Sunday 5th June 2011 Queens Park Recreational Park, Queens Drive, Glasgow. (Car Parking next to Showground in Park)

ENTRIES from 10:30 a.m. at Show JUDGING commences 11:30 a.m.

Dogs need not be registered at the Kennel Club.

Only undocked dogs and legally docked dogs may be entered for exhibition at this show.

PRIZE CERTIFICATE & DOG FOOD plus ROSETTE, for first SIX places in ALL classes.

Judging starts at 11:30 a.m.

Pedigree Judge: Mrs. Irene McManus (Metexa)

PEDIGREE CLASSES

Entry £2.00 per class, includes a Prize Draw Ticket

Class 1 ANY VARIETY PUPPY: 6 to 12 months

Winner receives SPECIAL ROSETTE

Class 2 ANY VARIETY SPORTING: Gundog, Hound, Terrier)
Class 3 ANY VARIETY NON-SPORTING: (Pastoral, Toy, Utility, Working)
Class 4 ANY VARIETY OPEN: (All Breeds)
ROAD SAFETY OBEDIENCE ~ In Separate Rings 

Entry £2.00 per class, includes a Prize Draw Ticket 

Class 5 BEGINNERS 
Class 6 INTERMEDIATE
Class 7 ADVANCED 
Class 8 SENIOR ADVANCED
Class 9 ADVANCED OUTDOORS

NOVELTY CLASSES ~ 3:30 p.m. (approx) 

Open to ALL dogs whether pedigree or cross-bred. To take part in these classes just come to the ring with your dog and £1.00 when each class is called.
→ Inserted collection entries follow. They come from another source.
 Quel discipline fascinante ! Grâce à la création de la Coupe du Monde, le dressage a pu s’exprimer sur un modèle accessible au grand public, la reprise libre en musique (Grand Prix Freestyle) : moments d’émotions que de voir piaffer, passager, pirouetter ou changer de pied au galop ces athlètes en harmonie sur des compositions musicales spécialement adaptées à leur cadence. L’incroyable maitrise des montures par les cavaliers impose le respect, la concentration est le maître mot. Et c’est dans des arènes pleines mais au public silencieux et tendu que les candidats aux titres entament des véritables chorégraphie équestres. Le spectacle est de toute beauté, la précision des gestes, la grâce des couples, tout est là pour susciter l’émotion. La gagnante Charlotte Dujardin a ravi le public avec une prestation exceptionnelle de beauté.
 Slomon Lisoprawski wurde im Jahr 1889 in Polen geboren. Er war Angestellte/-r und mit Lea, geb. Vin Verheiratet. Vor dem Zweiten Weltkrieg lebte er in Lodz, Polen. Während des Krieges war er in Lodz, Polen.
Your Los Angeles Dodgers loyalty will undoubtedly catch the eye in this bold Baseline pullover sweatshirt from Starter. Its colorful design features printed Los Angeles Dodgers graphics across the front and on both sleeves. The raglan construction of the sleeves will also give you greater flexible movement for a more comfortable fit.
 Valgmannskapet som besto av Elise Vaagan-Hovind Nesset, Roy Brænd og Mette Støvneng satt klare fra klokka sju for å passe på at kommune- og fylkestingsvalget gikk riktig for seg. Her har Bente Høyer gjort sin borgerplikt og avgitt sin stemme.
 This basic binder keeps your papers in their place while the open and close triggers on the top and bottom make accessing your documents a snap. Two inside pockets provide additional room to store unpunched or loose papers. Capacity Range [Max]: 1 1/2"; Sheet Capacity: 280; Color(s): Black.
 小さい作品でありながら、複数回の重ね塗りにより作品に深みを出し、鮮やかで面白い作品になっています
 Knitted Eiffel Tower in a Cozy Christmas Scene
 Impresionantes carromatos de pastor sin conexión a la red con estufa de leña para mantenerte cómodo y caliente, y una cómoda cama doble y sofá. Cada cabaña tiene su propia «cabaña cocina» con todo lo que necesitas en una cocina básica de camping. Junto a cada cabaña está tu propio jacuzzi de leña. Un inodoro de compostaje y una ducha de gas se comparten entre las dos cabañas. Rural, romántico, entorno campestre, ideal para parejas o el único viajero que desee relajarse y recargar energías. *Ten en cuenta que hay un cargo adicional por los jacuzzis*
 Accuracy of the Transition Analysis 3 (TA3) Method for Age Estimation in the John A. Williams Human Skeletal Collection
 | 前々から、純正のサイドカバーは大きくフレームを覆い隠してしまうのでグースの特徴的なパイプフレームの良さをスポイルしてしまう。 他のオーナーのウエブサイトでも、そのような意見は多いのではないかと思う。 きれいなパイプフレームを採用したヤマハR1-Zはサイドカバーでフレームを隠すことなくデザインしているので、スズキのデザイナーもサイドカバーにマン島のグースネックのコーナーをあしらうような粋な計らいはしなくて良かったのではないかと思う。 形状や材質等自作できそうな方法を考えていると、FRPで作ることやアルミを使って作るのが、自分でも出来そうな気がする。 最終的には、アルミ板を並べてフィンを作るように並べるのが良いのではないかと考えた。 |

Class 10 DOG WITH WAGGIEST TAIL 
Class 11 BEST SIX LEGS ~ Four canine & two human!
Class 12 CHILDRENS HANDLING 
Class 13 BEST CROSS-BRED DOG
Class 14 BEST VETERAN DOG ~ Over 6 years of age


----------



## Ducky (Nov 23, 2008)

just down the road from me. im not going though sadly, as im working this weekend. my folks might go with the dogs if they are not doing anything else.


----------



## dexter (Nov 29, 2008)

shame you have to work. hope your parents enjoy the show.


----------



## Nessie162 (Jul 16, 2010)

I might go, and show my girl at Junior Handling... 
Do you know if there is any age limit for this class??


----------



## dexter (Nov 29, 2008)

sorry no . i was crossposting it.


----------



## Nessie162 (Jul 16, 2010)

See for the companion show, do I need to have a show lead, or just normal collar and lead??  thanks xxx


----------